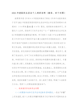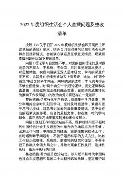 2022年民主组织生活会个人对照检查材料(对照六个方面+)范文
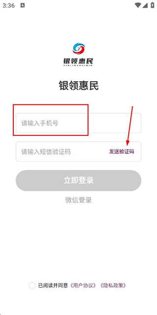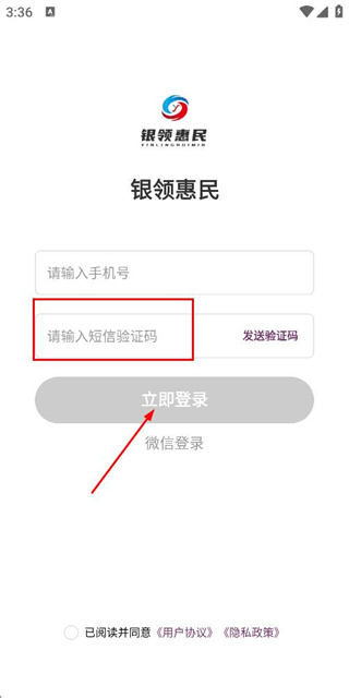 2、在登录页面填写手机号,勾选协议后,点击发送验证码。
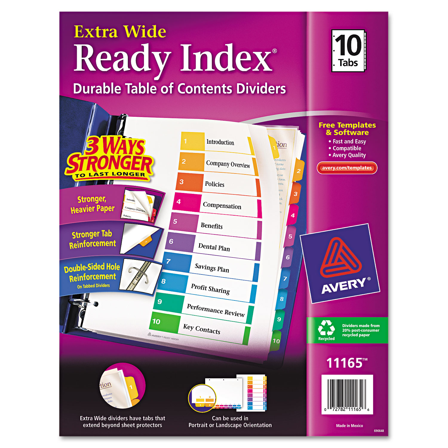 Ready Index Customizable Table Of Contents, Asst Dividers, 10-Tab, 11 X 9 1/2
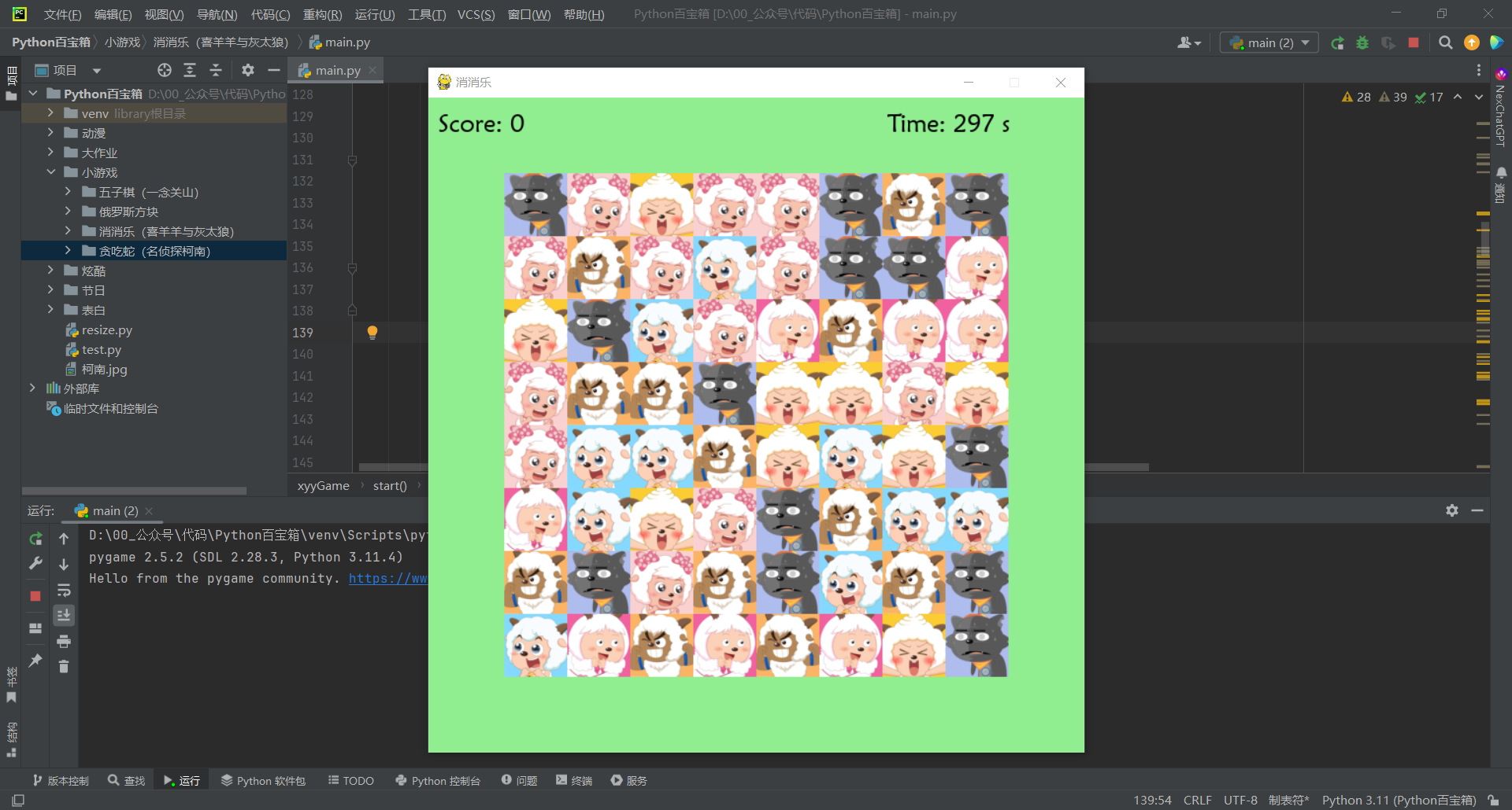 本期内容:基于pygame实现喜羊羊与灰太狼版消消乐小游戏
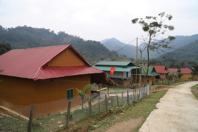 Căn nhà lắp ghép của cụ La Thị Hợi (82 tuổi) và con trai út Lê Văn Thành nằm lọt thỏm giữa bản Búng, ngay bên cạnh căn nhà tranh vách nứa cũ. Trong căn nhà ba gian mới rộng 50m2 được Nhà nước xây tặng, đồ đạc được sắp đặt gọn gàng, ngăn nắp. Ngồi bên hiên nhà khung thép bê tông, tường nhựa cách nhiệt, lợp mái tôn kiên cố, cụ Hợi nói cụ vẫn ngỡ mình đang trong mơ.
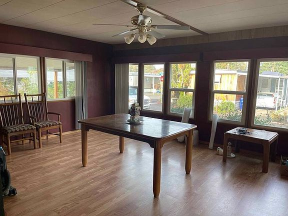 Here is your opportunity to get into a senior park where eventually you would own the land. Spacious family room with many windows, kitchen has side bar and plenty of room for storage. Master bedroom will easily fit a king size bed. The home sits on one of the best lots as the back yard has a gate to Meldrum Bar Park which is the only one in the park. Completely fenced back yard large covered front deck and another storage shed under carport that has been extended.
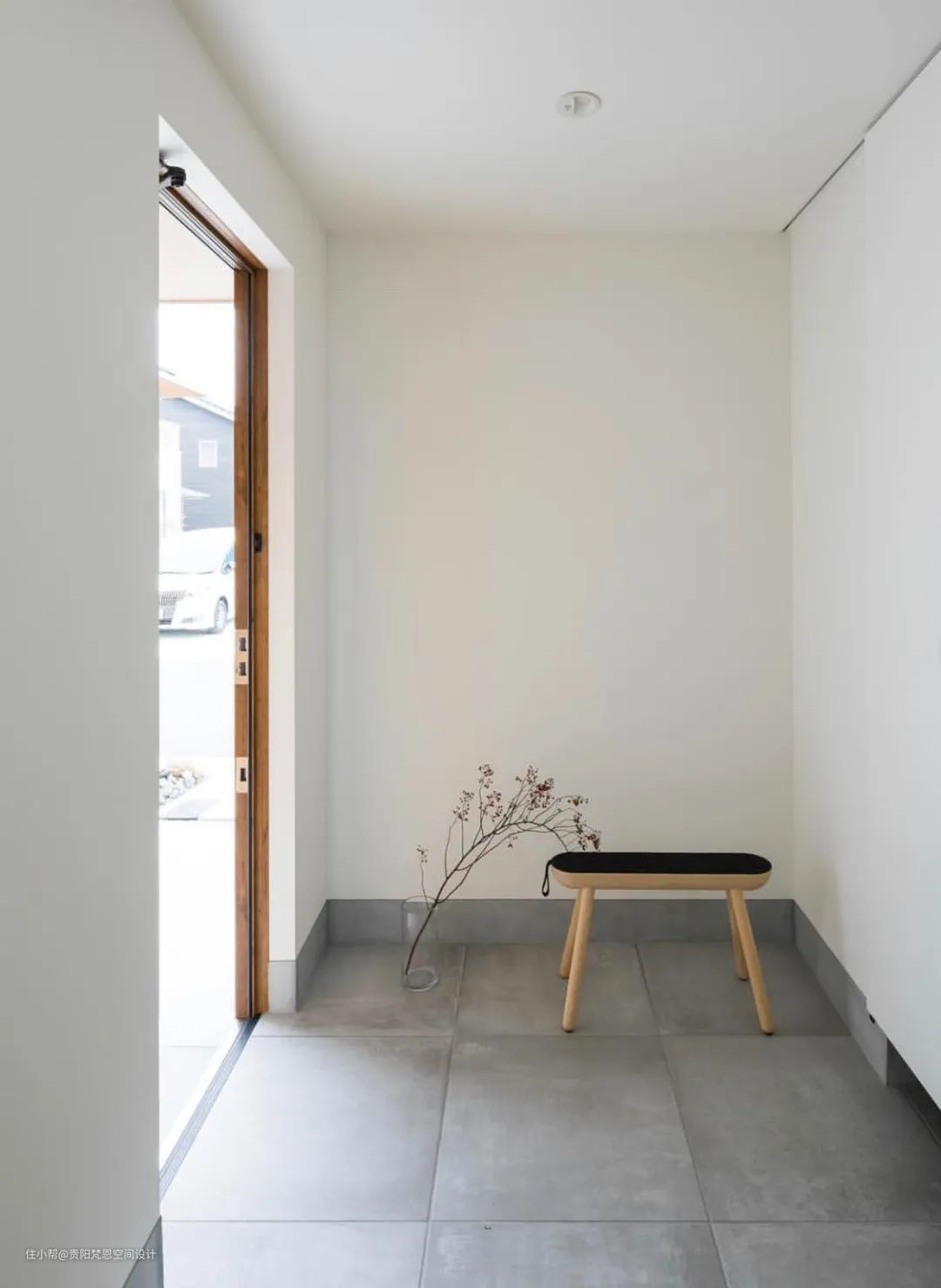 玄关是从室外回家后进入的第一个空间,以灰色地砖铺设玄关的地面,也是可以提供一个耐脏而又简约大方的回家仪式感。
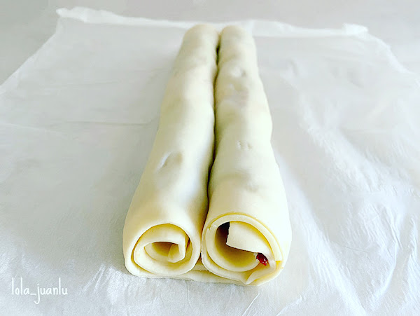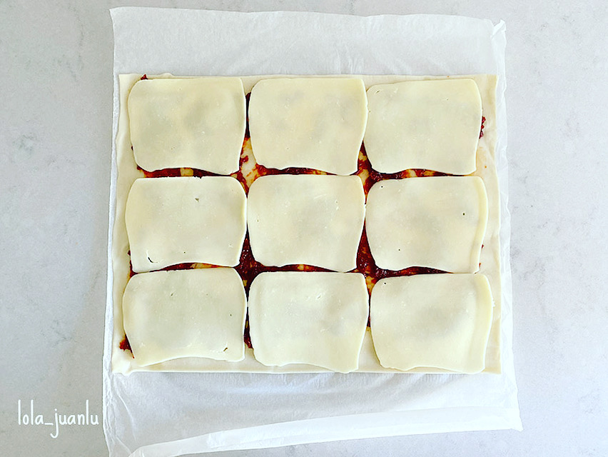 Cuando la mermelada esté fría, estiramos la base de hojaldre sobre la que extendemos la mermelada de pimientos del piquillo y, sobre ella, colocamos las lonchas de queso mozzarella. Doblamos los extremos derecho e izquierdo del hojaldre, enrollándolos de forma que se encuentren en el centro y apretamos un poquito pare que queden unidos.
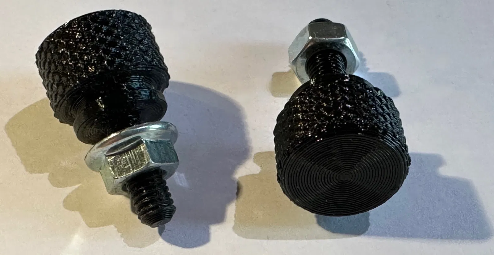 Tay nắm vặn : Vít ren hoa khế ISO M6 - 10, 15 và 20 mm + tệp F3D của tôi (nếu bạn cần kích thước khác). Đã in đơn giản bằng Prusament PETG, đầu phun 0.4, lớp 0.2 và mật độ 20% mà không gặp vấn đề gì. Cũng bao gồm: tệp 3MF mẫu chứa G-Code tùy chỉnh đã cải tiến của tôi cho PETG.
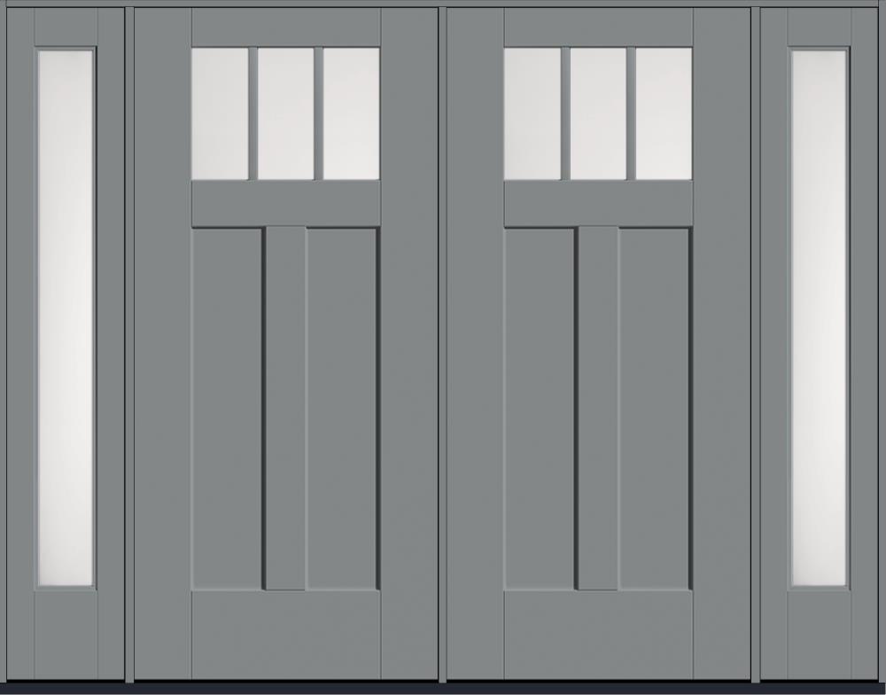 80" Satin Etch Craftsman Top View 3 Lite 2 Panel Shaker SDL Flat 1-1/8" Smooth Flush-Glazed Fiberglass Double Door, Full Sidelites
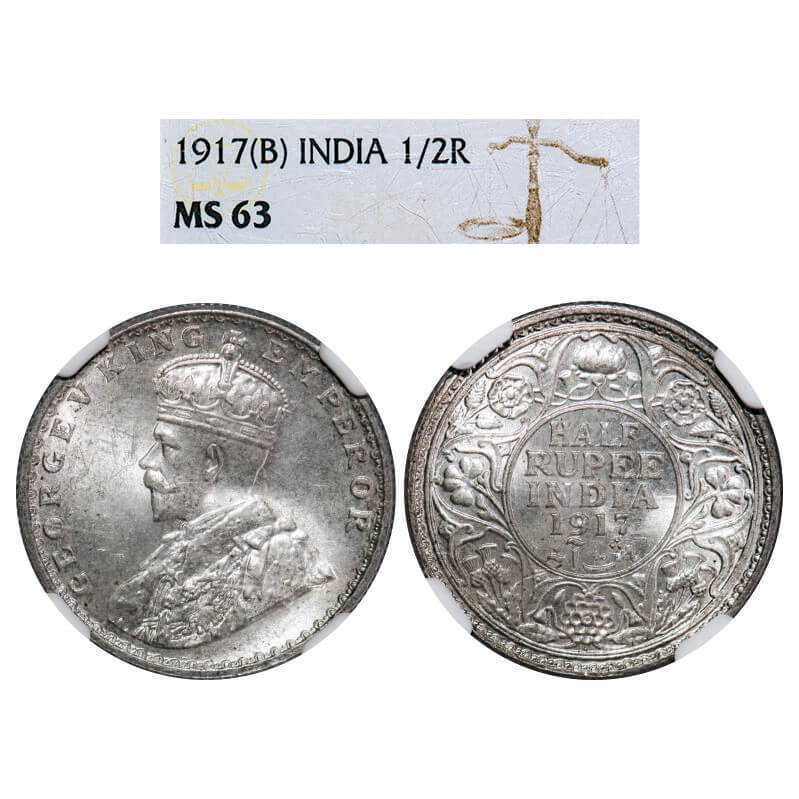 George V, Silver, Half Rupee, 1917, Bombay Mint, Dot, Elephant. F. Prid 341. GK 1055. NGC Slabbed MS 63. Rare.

※ ※ ※

Without the pictures, return the listing above from its first line through the line that has "Cuando la mermelada".

__Response to this exercise__:
 2022年民主组织生活会个人对照检查材料(对照六个方面+)范文
 2、在登录页面填写手机号,勾选协议后,点击发送验证码。
 Ready Index Customizable Table Of Contents, Asst Dividers, 10-Tab, 11 X 9 1/2
 本期内容:基于pygame实现喜羊羊与灰太狼版消消乐小游戏
 Căn nhà lắp ghép của cụ La Thị Hợi (82 tuổi) và con trai út Lê Văn Thành nằm lọt thỏm giữa bản Búng, ngay bên cạnh căn nhà tranh vách nứa cũ. Trong căn nhà ba gian mới rộng 50m2 được Nhà nước xây tặng, đồ đạc được sắp đặt gọn gàng, ngăn nắp. Ngồi bên hiên nhà khung thép bê tông, tường nhựa cách nhiệt, lợp mái tôn kiên cố, cụ Hợi nói cụ vẫn ngỡ mình đang trong mơ.
 Here is your opportunity to get into a senior park where eventually you would own the land. Spacious family room with many windows, kitchen has side bar and plenty of room for storage. Master bedroom will easily fit a king size bed. The home sits on one of the best lots as the back yard has a gate to Meldrum Bar Park which is the only one in the park. Completely fenced back yard large covered front deck and another storage shed under carport that has been extended.
 玄关是从室外回家后进入的第一个空间,以灰色地砖铺设玄关的地面,也是可以提供一个耐脏而又简约大方的回家仪式感。
 Cuando la mermelada esté fría, estiramos la base de hojaldre sobre la que extendemos la mermelada de pimientos del piquillo y, sobre ella, colocamos las lonchas de queso mozzarella. Doblamos los extremos derecho e izquierdo del hojaldre, enrollándolos de forma que se encuentren en el centro y apretamos un poquito pare que queden unidos.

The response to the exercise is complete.